Per fatto personale, nell’anniversario dell’assassinio di Massimo D’Antona, sindacalista assassinato dal terrorismo rosso. Oggi molti lo hanno ricordato, a partire dal presidente della Repubblica Mattarella ed è doveroso rendere omaggio alla sua memoria. E oggi come allora associo quel delitto alla mia mente, perché i suoi assassini volevano anche la mia testa. E dopo quell’assassinio mi beccai la scorta, per sette lunghi anni. E grazie agli amici di 7colli per avermi rammentato quei fatti di allora.
Una dei componenti la banda che ne decide attuò la sentenza di morte fu Federica Saraceni, passata alle cronache recenti per il reddito di cittadinanza percepito…

La brigatista col reddito di cittadinanza

Lo sanno quelli che oggi parlano di D’Antona che la signora prende ancora il sussidio di Stato?

A settembre scorso ci fu scandalo, e chi ha buona memoria ricorda ancora le parole di Olga D’Antona, vedova della vittima di quel nucleo brigatista. Per l’immoralità di quel sussidio. Che non è ancora stato revocato.

Era il 1999. Io ricoprivo un incarico istituzionale – presidente della commissione di vigilanza Rai – e uno politico, alla guida della federazione romana di Alleanza Nazionale. La federazione del partito si trovava in via Po e l’attentato a D’Antona avvenne a pochi metri, girato l’angolo. Enorme il numero delle vetture di polizia che arrivarono da quelle parti.

Ebbene, il giorno successivo un articolo sulla prima pagina de Il Giornale, scritto da Mario Cervi: “Ecco le prossime vittime delle Brigate Rosse”, o una cosa del genere. C’era proprio il mio nome.

Quella notizia sulla prima del Giornale e la scorta…

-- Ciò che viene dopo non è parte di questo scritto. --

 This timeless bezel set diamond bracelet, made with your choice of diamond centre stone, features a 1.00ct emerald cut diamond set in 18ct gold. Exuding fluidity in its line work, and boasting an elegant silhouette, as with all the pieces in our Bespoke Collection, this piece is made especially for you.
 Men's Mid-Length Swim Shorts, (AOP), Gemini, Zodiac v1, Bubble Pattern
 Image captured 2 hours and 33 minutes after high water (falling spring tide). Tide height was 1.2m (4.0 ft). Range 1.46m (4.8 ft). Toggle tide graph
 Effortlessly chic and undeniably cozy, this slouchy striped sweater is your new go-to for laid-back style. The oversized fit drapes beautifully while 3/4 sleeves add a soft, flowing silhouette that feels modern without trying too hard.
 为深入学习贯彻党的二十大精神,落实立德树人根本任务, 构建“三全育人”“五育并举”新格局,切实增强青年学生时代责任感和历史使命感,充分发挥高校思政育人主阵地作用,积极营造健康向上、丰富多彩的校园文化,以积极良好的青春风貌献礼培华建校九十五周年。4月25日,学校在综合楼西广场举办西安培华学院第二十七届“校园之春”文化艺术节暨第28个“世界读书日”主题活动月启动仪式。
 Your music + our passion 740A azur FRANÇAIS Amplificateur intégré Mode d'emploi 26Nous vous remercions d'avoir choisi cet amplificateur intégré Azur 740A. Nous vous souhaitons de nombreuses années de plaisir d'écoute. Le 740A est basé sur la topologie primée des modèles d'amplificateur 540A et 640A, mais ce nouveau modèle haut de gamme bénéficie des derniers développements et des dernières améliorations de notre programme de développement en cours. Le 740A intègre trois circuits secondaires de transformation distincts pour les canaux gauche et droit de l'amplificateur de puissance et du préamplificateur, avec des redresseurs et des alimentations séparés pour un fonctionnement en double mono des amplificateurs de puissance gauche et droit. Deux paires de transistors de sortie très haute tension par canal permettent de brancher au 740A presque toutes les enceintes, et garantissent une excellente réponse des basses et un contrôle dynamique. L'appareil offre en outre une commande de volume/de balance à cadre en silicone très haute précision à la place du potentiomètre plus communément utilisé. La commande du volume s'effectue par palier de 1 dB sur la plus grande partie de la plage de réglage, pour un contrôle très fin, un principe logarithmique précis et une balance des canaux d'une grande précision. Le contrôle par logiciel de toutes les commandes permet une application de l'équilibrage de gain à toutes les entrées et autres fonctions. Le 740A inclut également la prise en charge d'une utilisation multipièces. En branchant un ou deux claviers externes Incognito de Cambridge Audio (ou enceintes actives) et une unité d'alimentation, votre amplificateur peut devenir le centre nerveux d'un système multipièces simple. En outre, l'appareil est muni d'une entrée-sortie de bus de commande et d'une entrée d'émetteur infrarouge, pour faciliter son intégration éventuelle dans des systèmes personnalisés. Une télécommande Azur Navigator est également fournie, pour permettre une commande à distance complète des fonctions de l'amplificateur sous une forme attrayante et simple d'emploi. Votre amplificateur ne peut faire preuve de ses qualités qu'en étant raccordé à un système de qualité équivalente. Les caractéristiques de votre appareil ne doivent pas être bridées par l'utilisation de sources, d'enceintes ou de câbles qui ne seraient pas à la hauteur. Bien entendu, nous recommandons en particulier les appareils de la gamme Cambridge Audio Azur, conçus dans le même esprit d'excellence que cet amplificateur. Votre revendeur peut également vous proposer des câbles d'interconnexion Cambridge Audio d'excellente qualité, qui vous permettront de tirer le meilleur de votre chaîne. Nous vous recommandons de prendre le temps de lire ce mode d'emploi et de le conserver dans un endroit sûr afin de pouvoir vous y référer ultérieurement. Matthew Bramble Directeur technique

Ovviamente, non fu una bella notizia. Da quel giorno vissi sotto scorta per sette lunghi anni, perché nel covo della Saraceni e dei suoi complici c’era anche il mio nome come bersaglio. Me lo confermarono sia il ministro Iervolino che l’allora capo della Polizia Masone.

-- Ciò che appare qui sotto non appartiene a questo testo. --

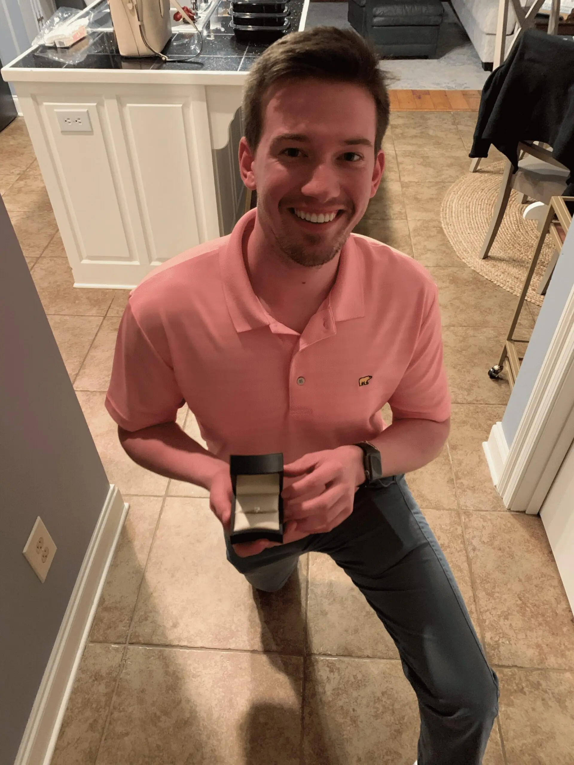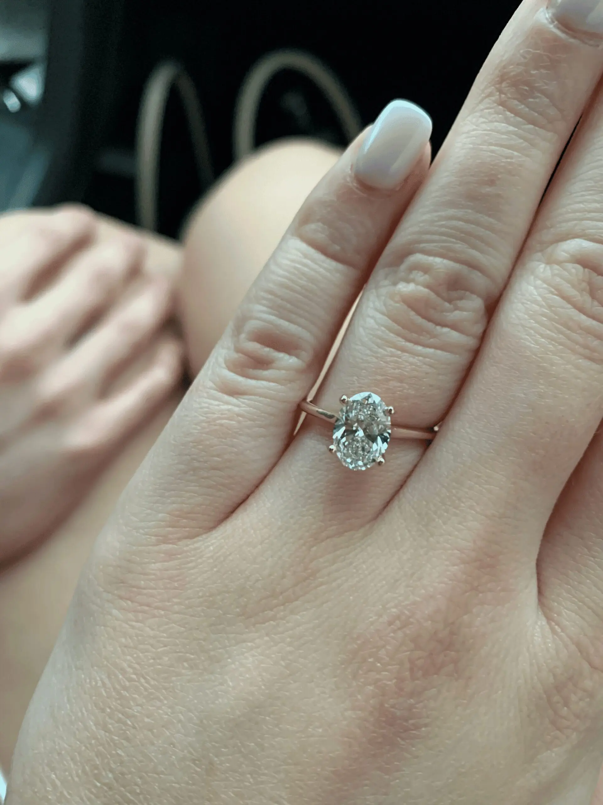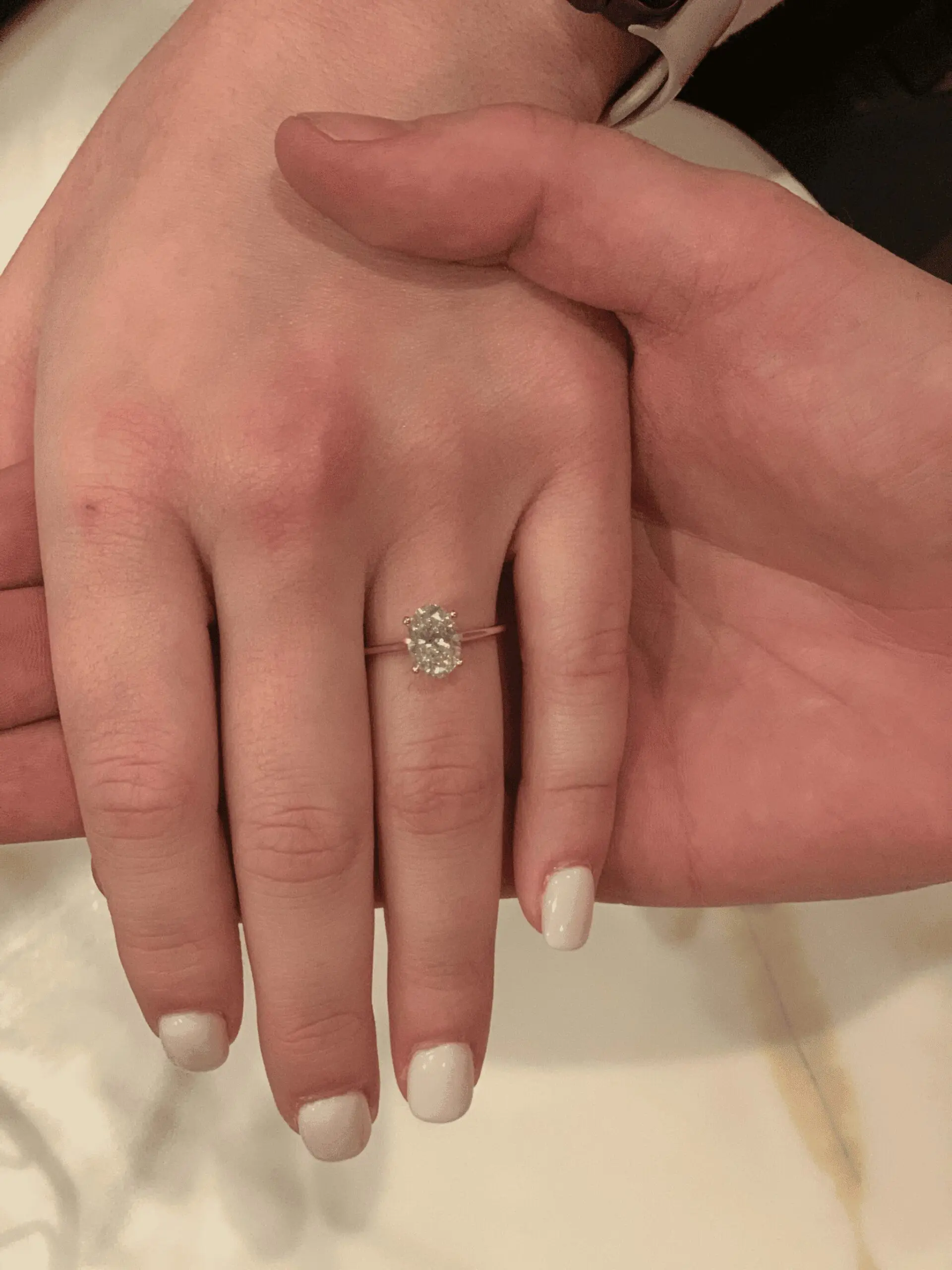My ring is a 1.8 carat oval lab grown diamond on a yellow gold solitaire band. I love the simplicity of this ring and have always known this is the design I wanted. I designed the ring myself with the help of Hannah Landry (who I actually have known since elementary school) and gave Royce the information to purchase it. It is everything I wanted and more! I cannot wait to pair it with my band in September.

Non ci avevo più pensato, nemmeno tentai una costituzione di parte civile, l’incoscienza del militante politico probabilmente ti porta a sottovalutare il pericolo. Però, ascoltando ancora una volta le commemorazioni di oggi, l’indignazione sale. Ti prende un senso di ingiustizia. Perché una delinquente che ammazzava il nemico non può meritare comprensione dallo Stato.
Per carità, avevano il mio nome e quelli di altri quattro da eliminare e magari non avrebbero fatto nulla. Però avrebbero potuto. E dal Parlamento mi sarei aspettato un gesto immediato di riparazione. Con la revoca del sussidio dello Stato che combattevano a mano armata.

Ma a quanto pare quell’assegno non si può toccare. Vero, presidente Tridico?